2016 Fade huang pian by white2tea |
Do you have what it takes to be a tea vendor? |
A portrait of TwoDog, image by Cwyn, aided by Bioware/EA |
Darker sunshine 2016 Fade |
Fade is
the darker whiskey to Wymm’s sunshine fruit cocktail. Bosch itself is a tea for
lying around and a-voiding, one that demands much attention. My chipped off
sample here doesn’t remind me of Last Thoughts, but then that tea is all about
the bud anyway. But if TwoDog says it’s in there, then it’s in there. The
resemblance is muted, and the name Fade does rather make sense on its own,
given that these leaves are not the full explosive mouth experience of the
original cakes. Nor would I expect them to be like the cakes, not at this price
point.
Side-by-side, 2014 Bingdao (left) and 2016 Fade (right) |
Fade is a must-have if you missed out on Bosch especially.
You can appreciate the same subtle notes here, though muted from the original.

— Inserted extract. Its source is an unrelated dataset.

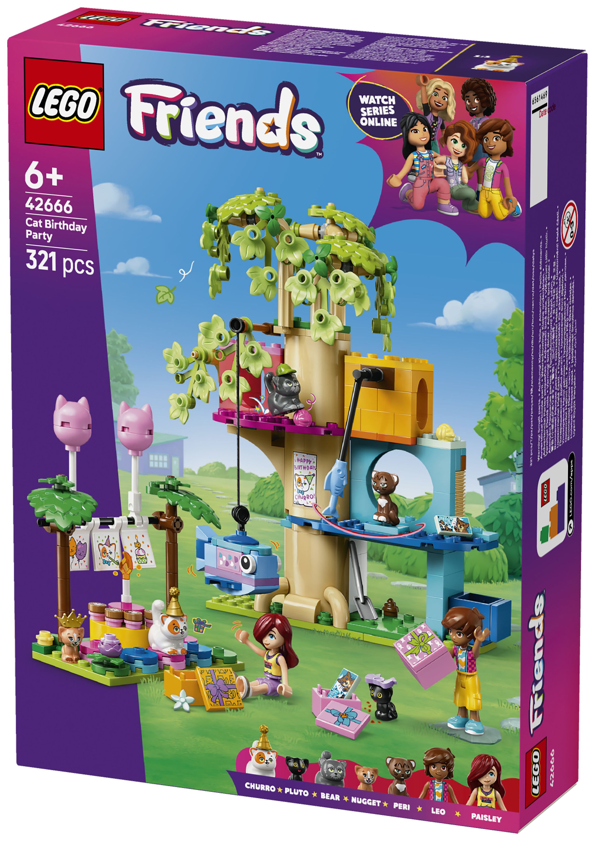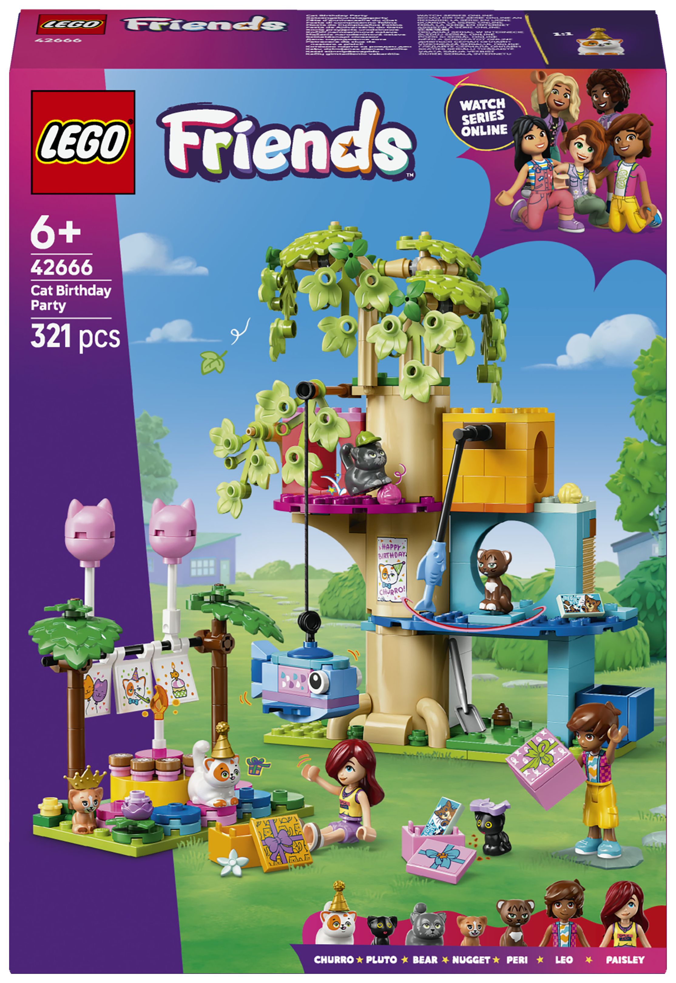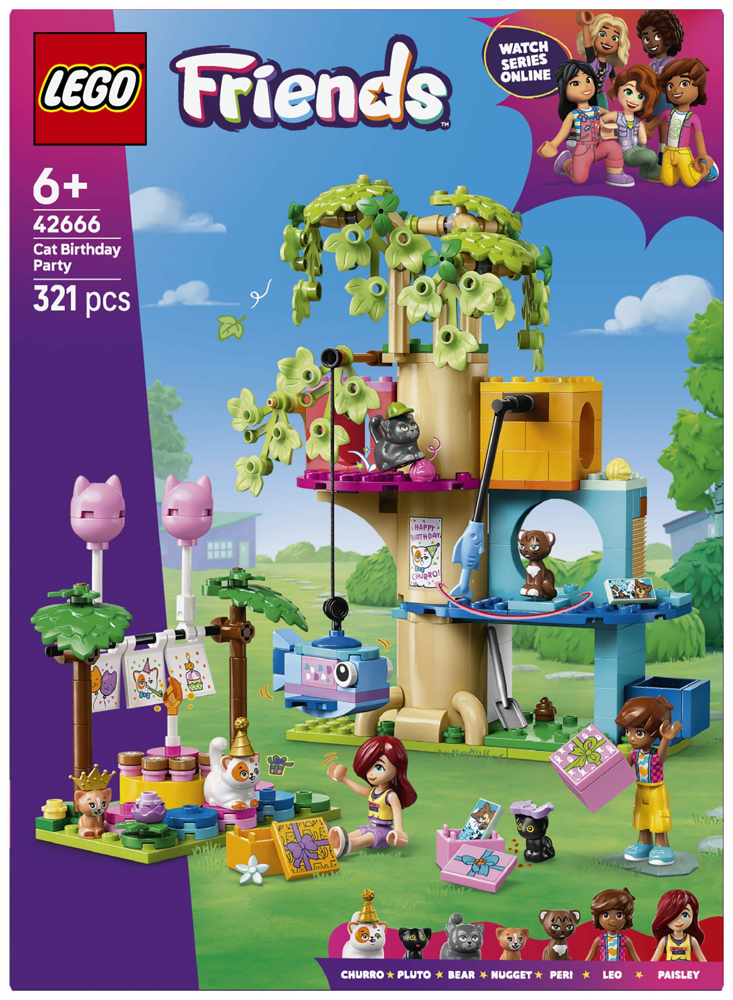 Entdecke ein tolles Bauset für katzenbegeisterte Mädchen und Jungen ab 6 Jahren. LEGO® Friends Katzengeburtstagsparty & Baumhaus (42666) ist ein Spielset, um tolle Erlebnisse mit niedlichen Miezen darzustellen. 2 Spielfiguren, 5 Katzen und jede Menge Zubehör lassen Kinder besonders fantasievoll spielen.

Given the source material and price point, I think the Fade is worth going
heavy unless you’re strongly committed to buying only the top cakes at this
point in your collecting. As a storage junkie, I am using my club-acquired Fade
brick as an experimental control sample, and I bought a tong of bricks for my laboratorial
punishment. ‘Nuff said. Still, I wouldn’t rule Wymm out, they recently acquired
some DXS bricks that might be worth a try, yet again another region sourced to
death where full spring cakes may be unaffordable, faked or simply unavailable. Overall, I am not likely to go too far out of my way to acquire huang pian. Fade
is an unusual commitment from me for lesser quality puerh leaves, and very
unlikely without already owning the original cake material and receiving one brick
through the tea club.
What do you think of huang pian? I’m sure the vendors who
have invested in huang pian are interested in your feedback.